Monthly current account totals for imports and exports, with main sectors listed for both, would be useful.

Deficits on the current account, or export surpluses, both have their effect on forecasts or analysis of Zimbabwe’s economic health.

What would be really a good idea if all these statistics could be released on the same day as the ZimStat inflation figures.

Along with the publishing in good time of the data the central bank and the finance ministry could also give comment pointing out if set targets were being met or explaining why a target was missed and what remedial action was being taken to get back on track.

Such openness and transparency would not do Zimbabwe a lot of good, allowing everyone to hold the economic managers to account, but would also defeat the conspiracy theorists. They would have so little to chew on.

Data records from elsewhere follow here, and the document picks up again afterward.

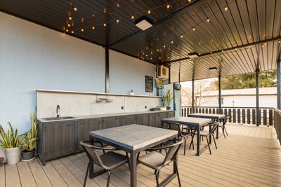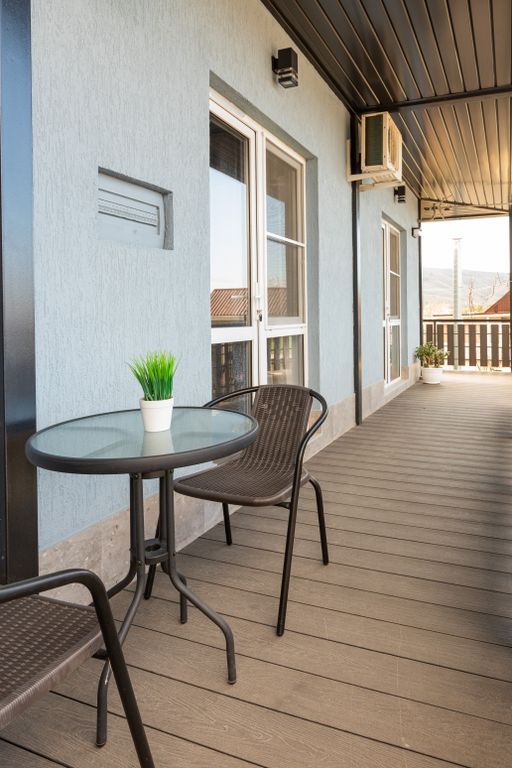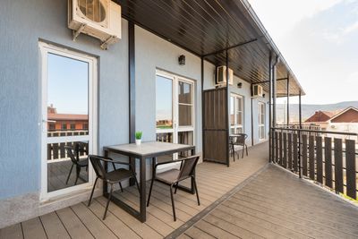 Все номера с удобствами и кондиционерами, на втором этаже прекрасная терраса: кухня и столики, прекрасный вид на горы, во дворе мангальная зона.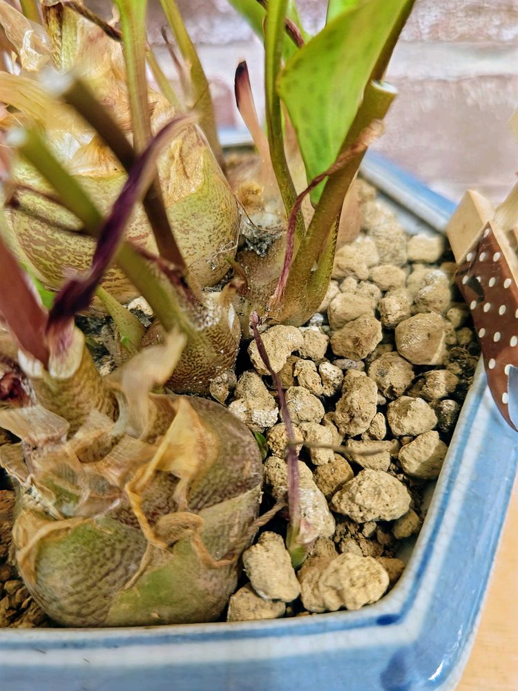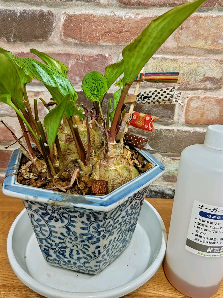 昨日、ドミオプシスマクラータに2回めの活力水あげました。上の方の赤玉土が白っぽくなるまで水分控えてからの活力水。残ってる活力水殆ど使って、鉢底から流れ出ました。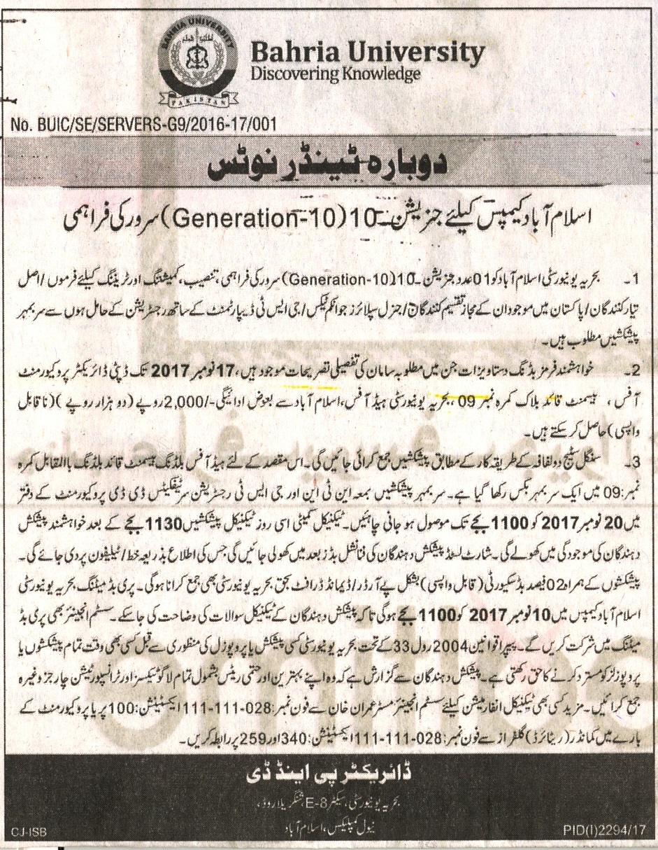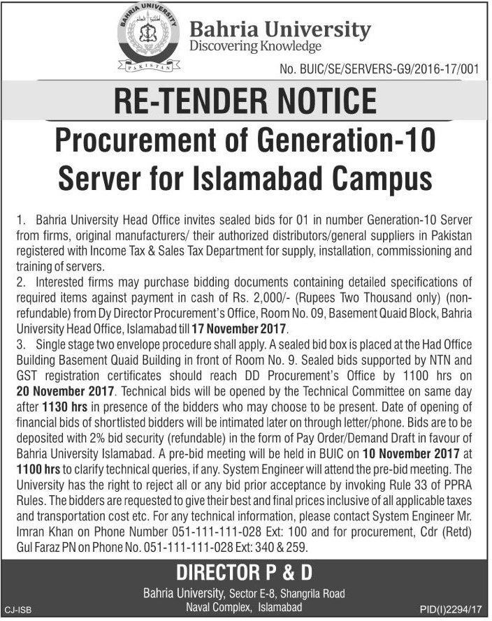 Re-Tender Notice Procurement of Generation-10 Server for Islamabad Campus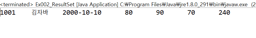 위 Statement 예시를 실행 후 ResultSet에서 불러온 결과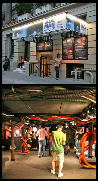 The group itself was formed in 1988 by Matt Goldman, Phil Stanton, and Chris Wink, motivated by an interest in creating a show which involved audience collaboration. Their first theater performances were at La MaMa in the East Village; in 1991, they moved to the Astor Place Theater (seen in the photo). The characters are three mute Blue Men (played by rotating cast members), their faces in blue grease paint and wearing nondescript black clothing. The extraordinarily unique performance art show, called Tubes, is heavily music-oriented – numerous unique instruments were created by the group, such as the tubulum, drumbone, and airpoles. Comedy, satire, social commentary, irony, painting, percussion, clowning, and sophisticated lighting effects are all there, along with numerous substances (including food and paint) thrown and ejected, some of which may hit audience members – the first few rows are provided with plastic ponchos…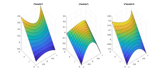 Calculamos la tension de deformación, para ello, hayamos la derivada parcial de componente tal y como se representa en los siguientes cálculos. La formula de la Tension esta compuesta por la divergencia, esa el la razón por la cual obtendremos una matriz multiplicada por un numero.

Countries undergoing reform that issue good quality and extensive data frequently and on time usually do a lot better in sticking to their reform agenda than those who do not, if for no other reason that the economy’s managers know they are operating under bright lights, often wielded by people who are not their friends, and so make sure they can explain everything and will, in any case when taking action, be mindful that they will soon have their judgment placed under a spotlight.

It is usually better to give too much information than too little, as so many boards of directors have discovered over the decades as they watch their annual reports expand from a few tables to thick bound volumes of tables, notes and explanations.

Their shareholders become less vehement when they are told everything and start understanding the business they are backing a lot better.

On a more minor point, the RBZ could upgrade their press statements and dump the clichés. When the bank needs to correct wrong stories or shoot down daft speculation, and this it must do fairly frequently, it needs to be as sober in language as it is in dress. The culture that insists on dark business suits worn over white or very light blouses or shirts, depending on gender, and collars tied together with sober scarfs or ties, needs to be carried over into language.

Saying a piece of rubbish writing or speculation must be “treated with the contempt it deserves” is less effective than stating the article was wrong and the writer mistaken, or at worst ignorant.

Bank managers in general, and central bankers in particular, should not be showpersons.

But most important, careful, sober and timeous release of data will give the assurance we all seek that those running the bank know what they doing.